Dataset entries:
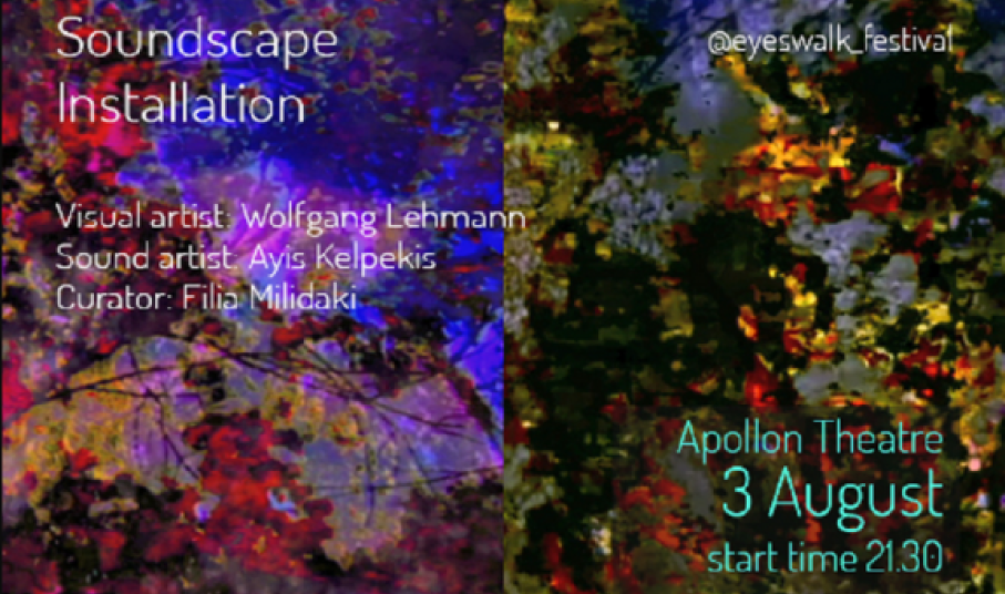 Το Eye’s Walk Digital Festival, το οποίο ξεκίνησε από τη Σύρο, είναι ένα φεστιβάλ που αναπτύσσεται και κινείται με πολλή ορμή γύρω από τις ψηφιακές τεχνολογίες και την ψηφιακή τέχνη. Σε αυτήν την παραγωγή, μας παρουσιάζει ένα video art πάνω στην πρόσοψη του θεάτρου Απόλλων με την ταυτόχρονη δημιουργία ενός πρωτότυπου ηχοτοπίου από δύο καλλιτέχνες οι οποίοι δεν έχουν συναντηθεί ως τώρα. Το φεστιβάλ αποτέλεσε τον πρεσβευτή αυτής της ιδέας κι τους έφερε σε επικοινωνία για πρώτη φορά. Στη συνέχεια, ο καθένας δημιούργησε μόνος έχοντας ωστόσο κοινό στόχο. “Ένας από τους ρόλους του φεστιβάλ είναι να φέρνει κοντά ανθρώπους και να δημιουργεί συμπράξεις με διαφορετικούς καλλιτέχνες. Ο Wolfgang, πιο κοντά σε έναν οπτικό ιμπρεσιονισμό, πλάθει μια οργιαστική Φύση, από μαγικά χόρτα και φυτά. Αφήνει το μυαλό σε ψυχεδελικά οράματα, να συναντηθεί με τις Βαλκυρίες -γυναικείες θεότητες, κρυμμένες πίσω από τις φυλλωσιές, πριν τη μάχη, ήρεμες και θηλυκές.
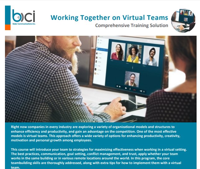 Participants in Virtual Team Building will clarify roles and responsibilities and conduct a sharing and capability audit for the team. Assessing the level of interdependency within the team allows leaders to understand the issues virtual teams face and identify which are most prevalent. At the conclusion of the program, the team will have developed a written communication mandate that supports a newly created team identity.
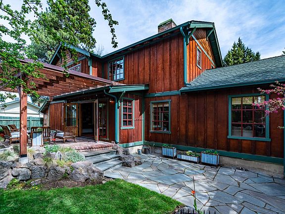 This iconic craftsman, located on a private corner lot just west of the Deschutes River & downtown Bend, is easily accessible to the local businesses along Galveston & Newport Ave. Exuding charm, the home features beautiful wood frame windows, wood floors, built-ins, & an open floor plan. The great room is light & comfortable, with a small den/office to one side. The remodeled kitchen, with cherry cabinets & refinished concrete counters, has a large island, a focal point for entertaining. The dining area extends out to the patio on the side yard, letting the outside in. The main level also has a spacious bedroom, a full bathroom, a large mudroom with access to the cellar, plus a laundry. Family room with vaulted ceilings & reclaimed barnwood floors is upstairs, along with the large master suite & third bedroom. Mature landscaping creates peaceful outdoor living in both the front yard and the fully fenced side yard. The detached studio can be converted into a garage. The best of Bend!
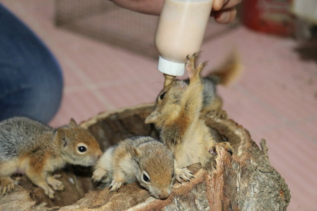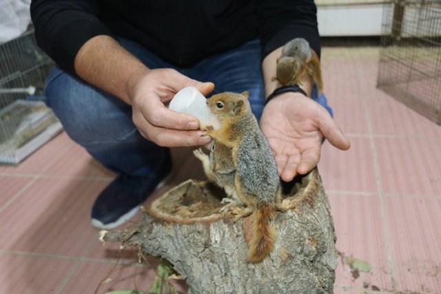 Adıyaman'ın Kahta ilçesinde bir hayvansever, ağacın kovuğunda bulunan 4 sincap yavrusunu biberonla besleyerek hayata tutunmalarını sağlıyor.
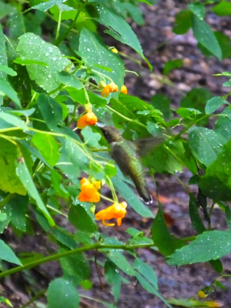 Finally, continuing with the nectar sipping theme, I have at long last captured a recognizable image, if just barely, of a hummingbird feeding on the jewelweed growing along the river trail and recently revived by the rain. Our location, the green back, white throat, and white tips on her tail feathers all suggest a female ruby-throated hummingbird (Archilochus colubris).

Goal of the exercise: Look above for the line containing "Participants in Virtual", then copy exactly from it through the line containing "Adıyaman'ın Kahta ilçesinde", keeping both and leaving out pictures. Add nothing else.

Solution for this task:
 Participants in Virtual Team Building will clarify roles and responsibilities and conduct a sharing and capability audit for the team. Assessing the level of interdependency within the team allows leaders to understand the issues virtual teams face and identify which are most prevalent. At the conclusion of the program, the team will have developed a written communication mandate that supports a newly created team identity.
 This iconic craftsman, located on a private corner lot just west of the Deschutes River & downtown Bend, is easily accessible to the local businesses along Galveston & Newport Ave. Exuding charm, the home features beautiful wood frame windows, wood floors, built-ins, & an open floor plan. The great room is light & comfortable, with a small den/office to one side. The remodeled kitchen, with cherry cabinets & refinished concrete counters, has a large island, a focal point for entertaining. The dining area extends out to the patio on the side yard, letting the outside in. The main level also has a spacious bedroom, a full bathroom, a large mudroom with access to the cellar, plus a laundry. Family room with vaulted ceilings & reclaimed barnwood floors is upstairs, along with the large master suite & third bedroom. Mature landscaping creates peaceful outdoor living in both the front yard and the fully fenced side yard. The detached studio can be converted into a garage. The best of Bend!
 Adıyaman'ın Kahta ilçesinde bir hayvansever, ağacın kovuğunda bulunan 4 sincap yavrusunu biberonla besleyerek hayata tutunmalarını sağlıyor.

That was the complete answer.